(Beginning of SUPPLIED MATERIAL)
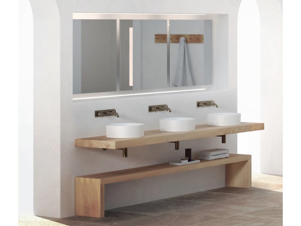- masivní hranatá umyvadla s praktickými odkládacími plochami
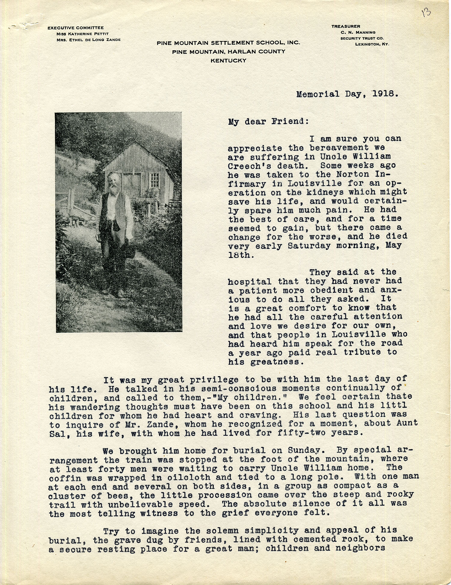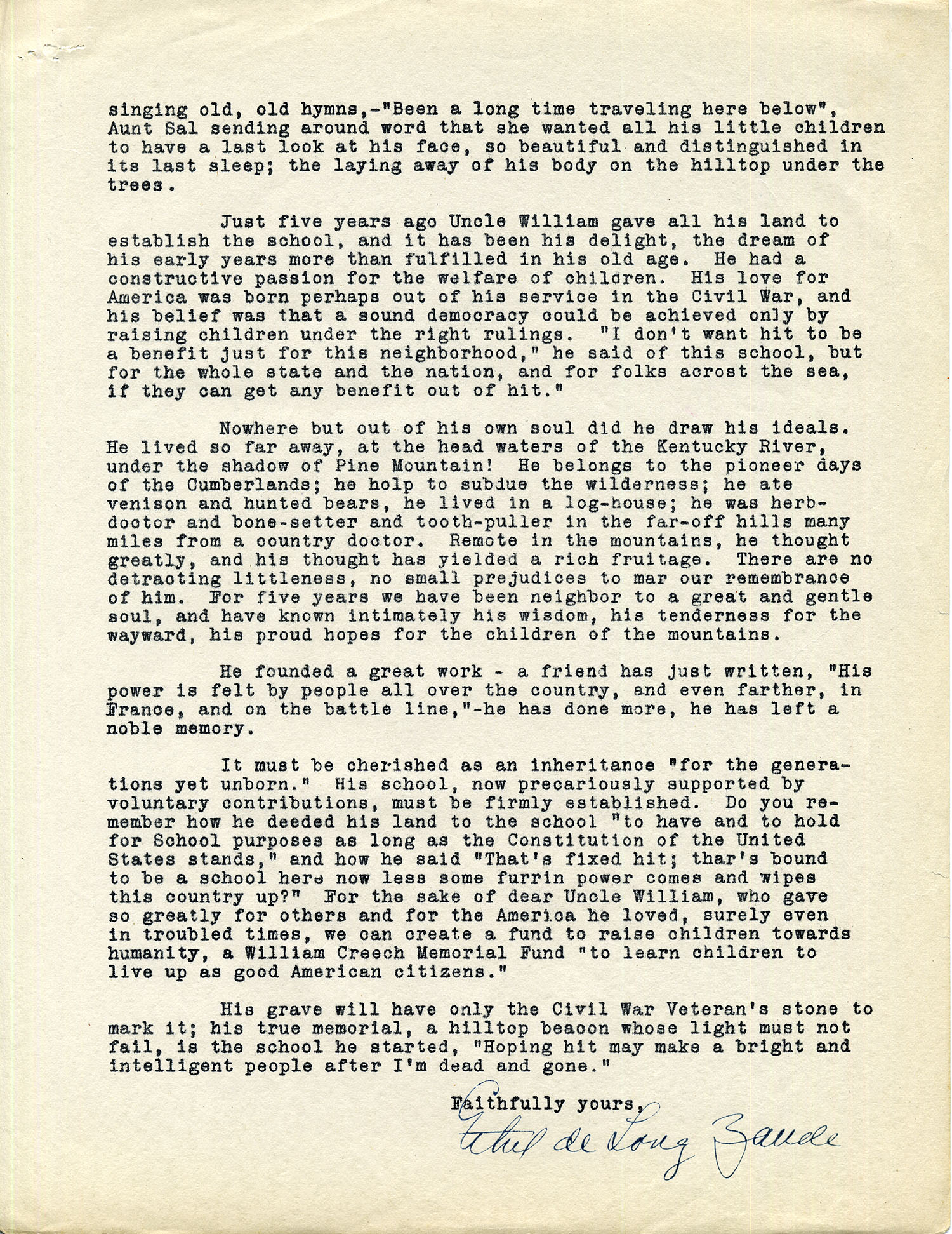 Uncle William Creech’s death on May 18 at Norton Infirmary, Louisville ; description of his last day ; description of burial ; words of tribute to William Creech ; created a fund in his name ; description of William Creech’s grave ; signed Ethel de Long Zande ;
(End of SUPPLIED MATERIAL)
(Beginning of SUPPLIED MATERIAL)
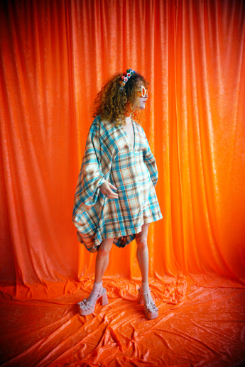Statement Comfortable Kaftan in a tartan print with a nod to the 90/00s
(End of SUPPLIED MATERIAL)
(Beginning of SUPPLIED MATERIAL)
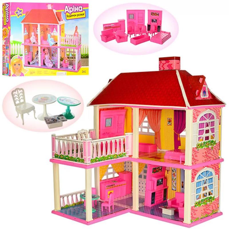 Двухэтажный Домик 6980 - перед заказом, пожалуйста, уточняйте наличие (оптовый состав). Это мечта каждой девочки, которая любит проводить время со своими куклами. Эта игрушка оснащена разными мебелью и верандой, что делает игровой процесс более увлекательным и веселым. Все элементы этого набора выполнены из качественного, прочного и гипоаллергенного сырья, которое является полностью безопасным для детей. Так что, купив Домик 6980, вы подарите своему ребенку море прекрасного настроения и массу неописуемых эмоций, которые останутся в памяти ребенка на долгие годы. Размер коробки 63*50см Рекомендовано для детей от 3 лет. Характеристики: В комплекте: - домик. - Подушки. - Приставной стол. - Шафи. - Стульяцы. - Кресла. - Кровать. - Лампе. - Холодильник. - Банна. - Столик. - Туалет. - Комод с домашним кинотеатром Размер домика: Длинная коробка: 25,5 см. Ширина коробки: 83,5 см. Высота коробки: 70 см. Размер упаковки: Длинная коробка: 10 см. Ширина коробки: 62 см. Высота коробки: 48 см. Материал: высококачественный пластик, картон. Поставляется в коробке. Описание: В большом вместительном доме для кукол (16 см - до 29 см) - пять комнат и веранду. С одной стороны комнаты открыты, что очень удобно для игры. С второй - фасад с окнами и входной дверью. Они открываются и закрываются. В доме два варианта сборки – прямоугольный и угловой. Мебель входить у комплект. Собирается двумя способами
(End of SUPPLIED MATERIAL)
→ EXERCISE: Within the listing above, the lines from the one with "- masivní hranatá" through the one with "Uncle William Creech’s" are to be given again word for word. Do not include pictures.

→ RESPONSE FOR THIS EXERCISE:
- masivní hranatá umyvadla s praktickými odkládacími plochami
 Uncle William Creech’s death on May 18 at Norton Infirmary, Louisville ; description of his last day ; description of burial ; words of tribute to William Creech ; created a fund in his name ; description of William Creech’s grave ; signed Ethel de Long Zande ;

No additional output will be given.